Towards the back of the space, a scribbled note by Gustav Metzger recounted the octagenarian Polish-Jewish artist’s childhood desire for ‘an art that would lift off – that would levitate, gyrate, bring [together] different, perhaps contradictory aspects of my being’. If this was impossible not to read through his evacuation, aged 12, from Nazi Germany to Britain, so was Seb Patane’s nearby sound work Gustav Metzger as Erwin Piscator. Gera, January 1915 (2014), in which Metzger rasped a passage from the experimental German stage director Erwin Piscator’s book The Political Theatre (1929), describing marching off to war in an ill-fitting uniform. Accompanied by nothing more than speaker buzz, a military drumbeat and an oblong of blood-red light projected onto the gallery wall, Patane’s piece braided together biography and history with a warning of violence yet to come. Something similar was vouchsafed by Michael Dean’s Untitled (2014), in which the first page of a putative graphic novel was weighed down by a concrete tongue. Removing this appendage (so floppy-looking, yet so firm and heavy in the hand), visitors discovered a comic book grid populated entirely by smaller, penciled tongues, writhing around each other in a pictorial glossolalia. The composition of these images was apparently derived from news photos of contemporary atrocities. In Dean’s hieroglyphic language, every story is a horror story, every word a weapon or a wound.

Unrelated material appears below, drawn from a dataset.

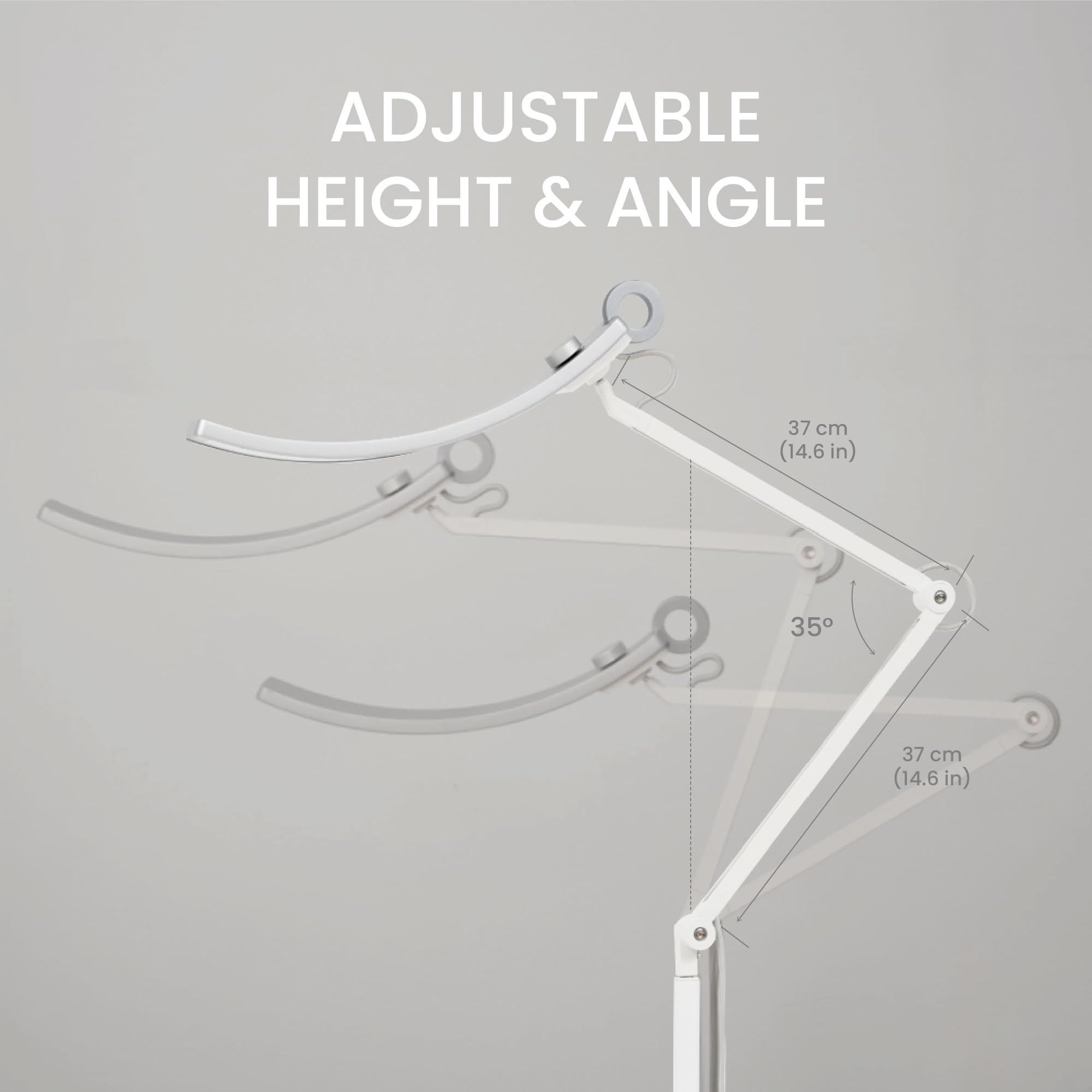 š”ćADJUSTABLE ARM & ANGLEć: With patented ball-joint and a swing arm design, it's super easy to adjust for the perfect lighting angle and the right height you need (55. 5 inches/ 140.9 cm tall Floor Lamp). Additionally, its highly durable torque springs and precise friction control keep it sturdy at any angle.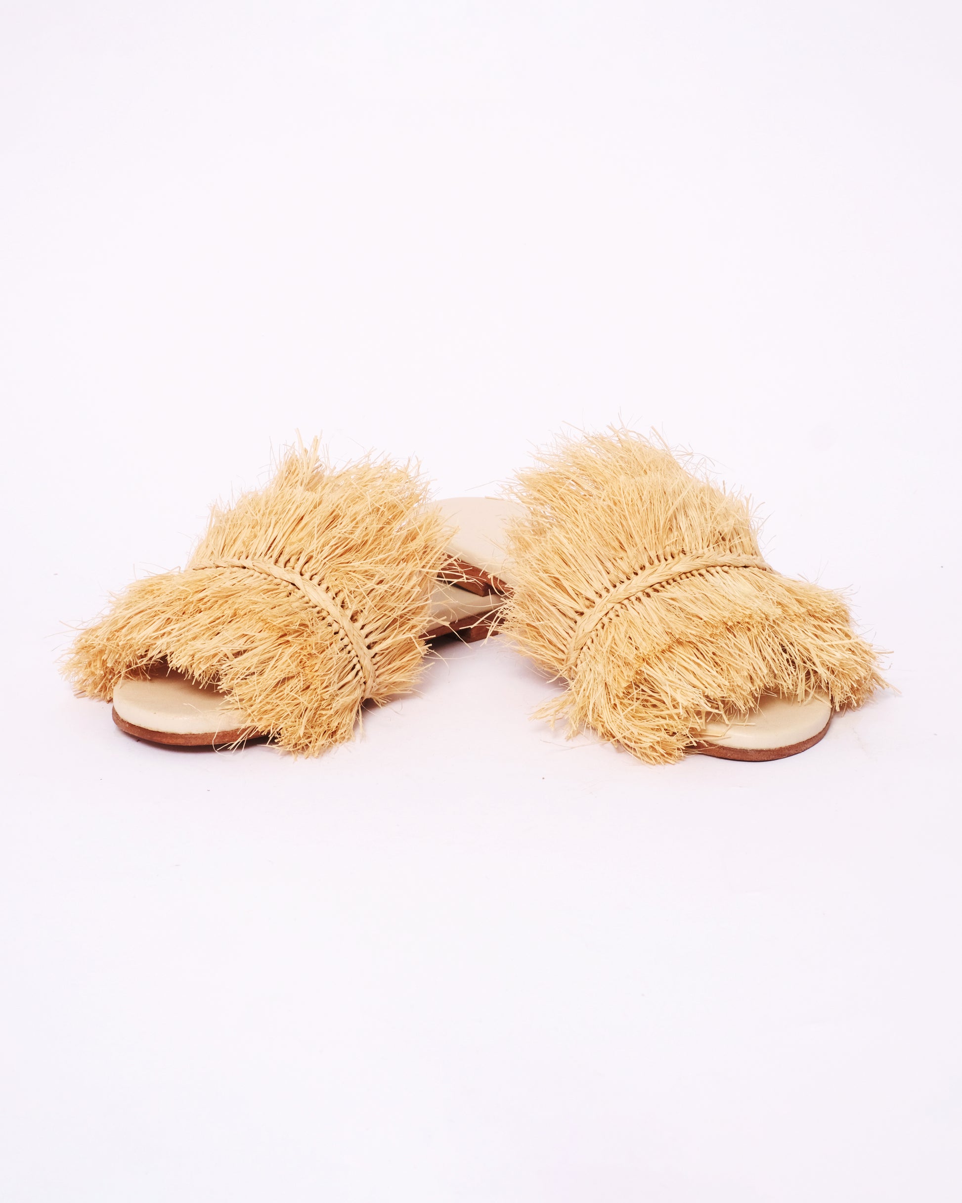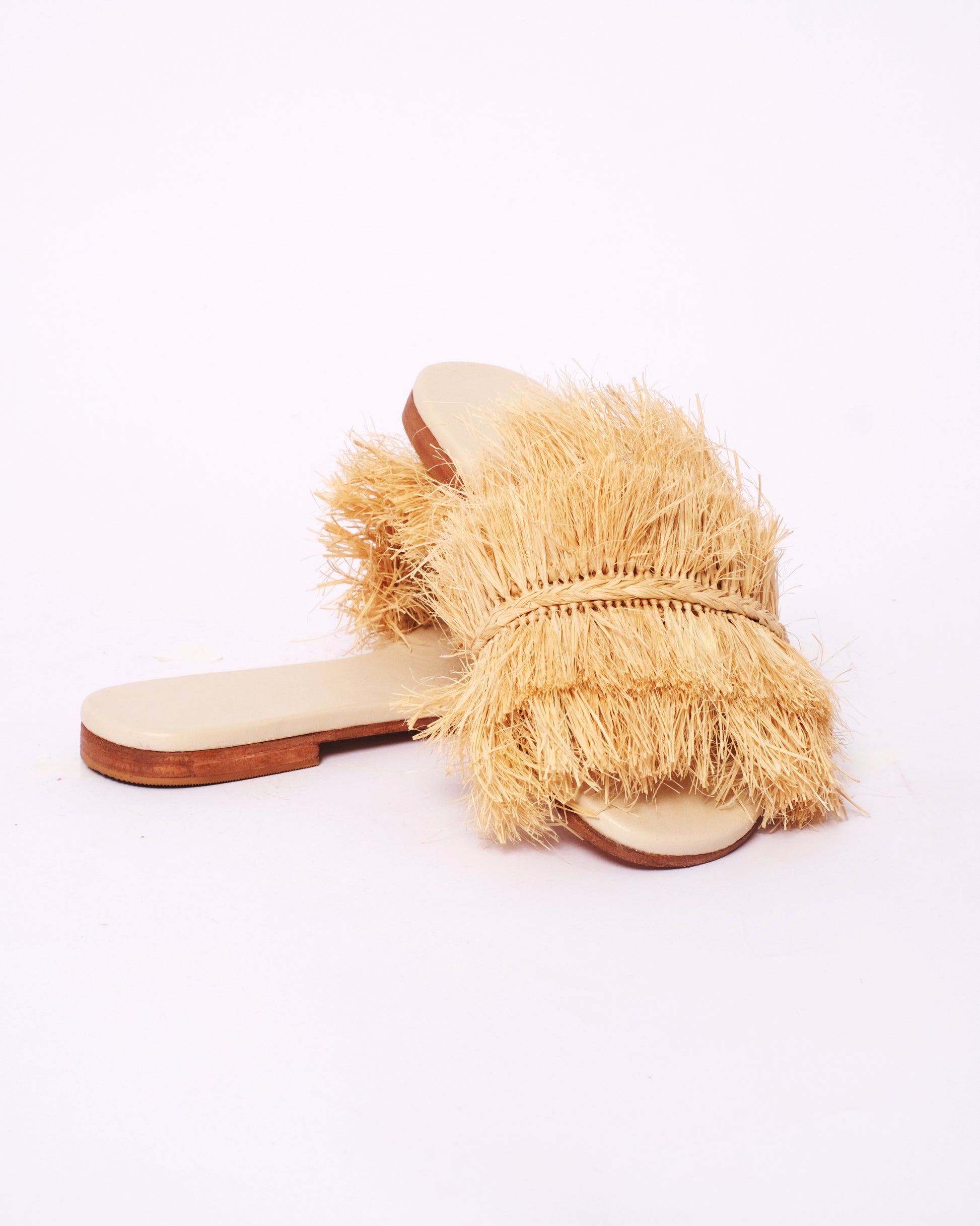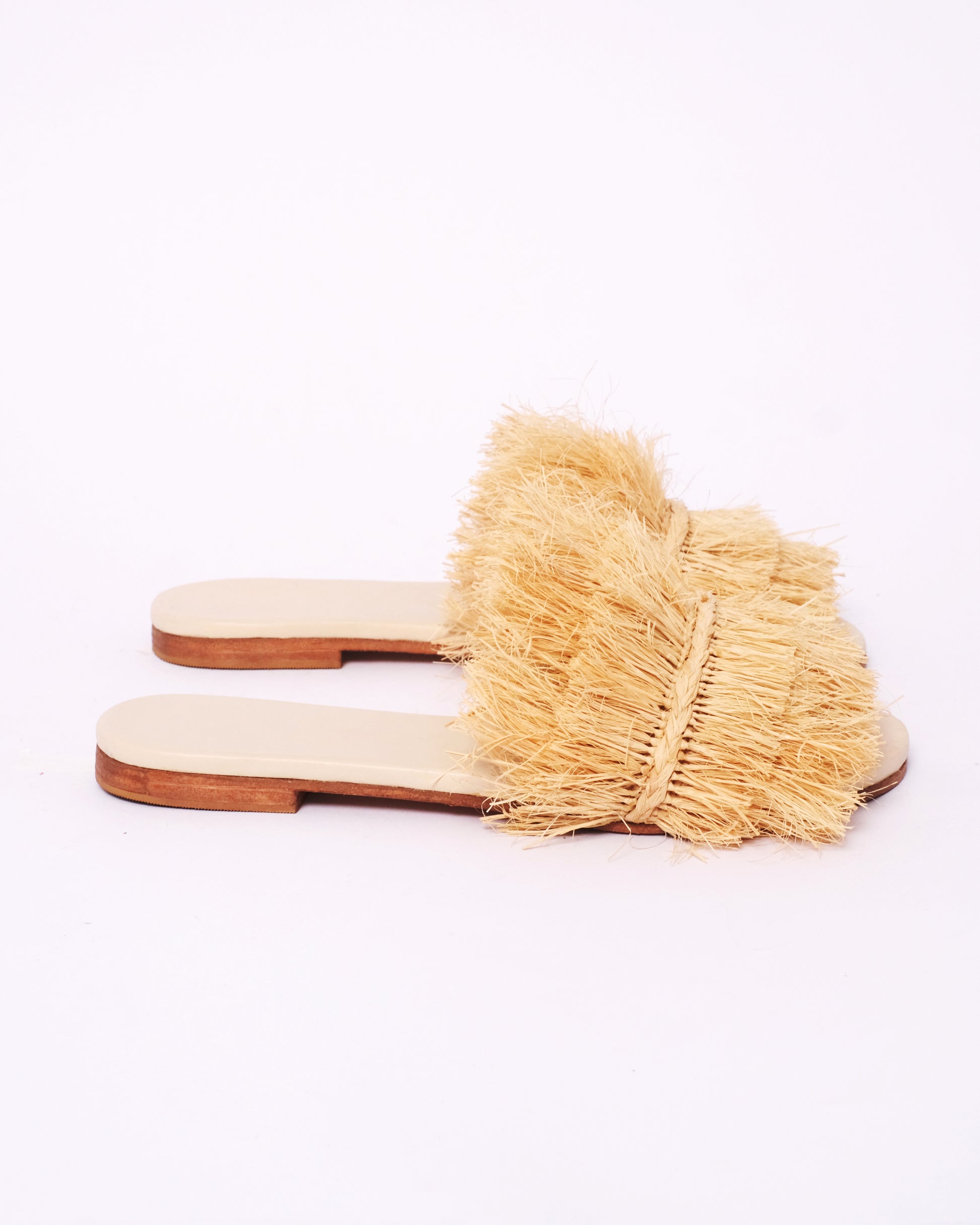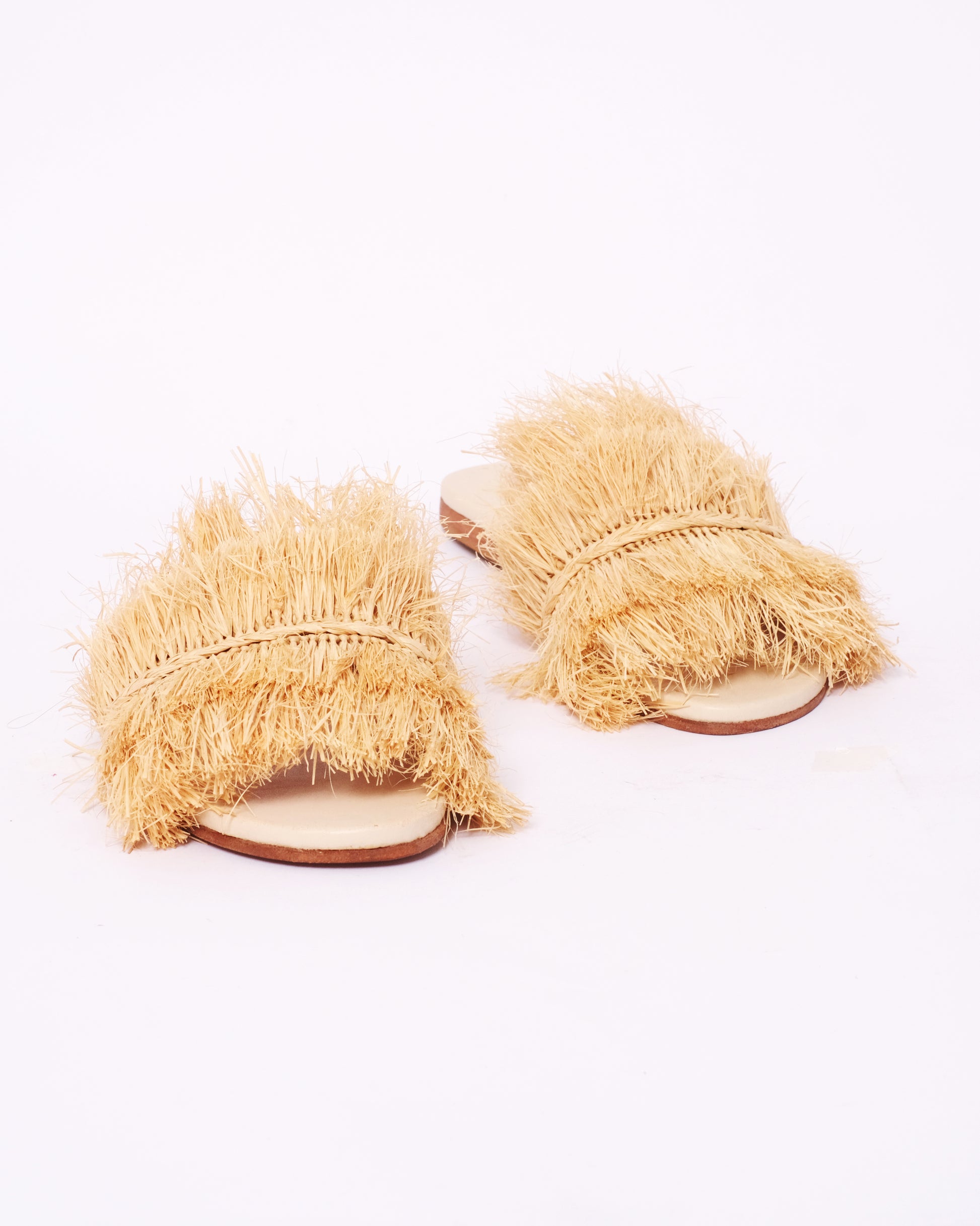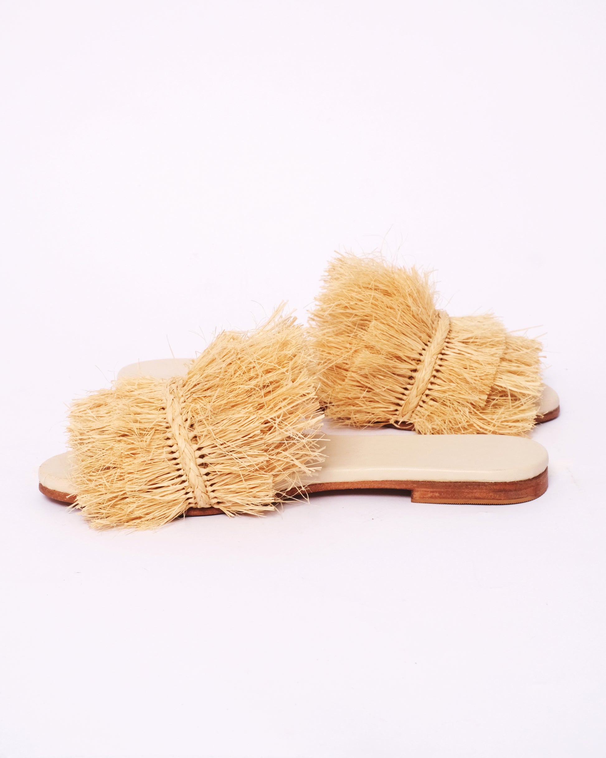 For those who love texture and bold design, these raffia fringe slides are a standout piece. Handwoven by Moroccan artisans, each pair features dramatic layers of raffia on a flat leather base, making them both artistic and wearable.

If ‘Annals …’ was (loosely) about impending tomorrows, it was also about Wysing’s residencies as a kind of sideways dimension, somewhere time might slow, or speed, or even loop. In Charlotte Prodger’s Prospex (2013), a photograph of a male wrist wearing an expensive sports watch was encased in a Perspex block, bored through here and there with circular, watch-sized holes. In a show in which every work was a timepiece of sorts, this was the only clock face. Depending on the hour of one’s visit, it was an image of the past, or the future. Twice a day, of course, this stopped clock gave the right time.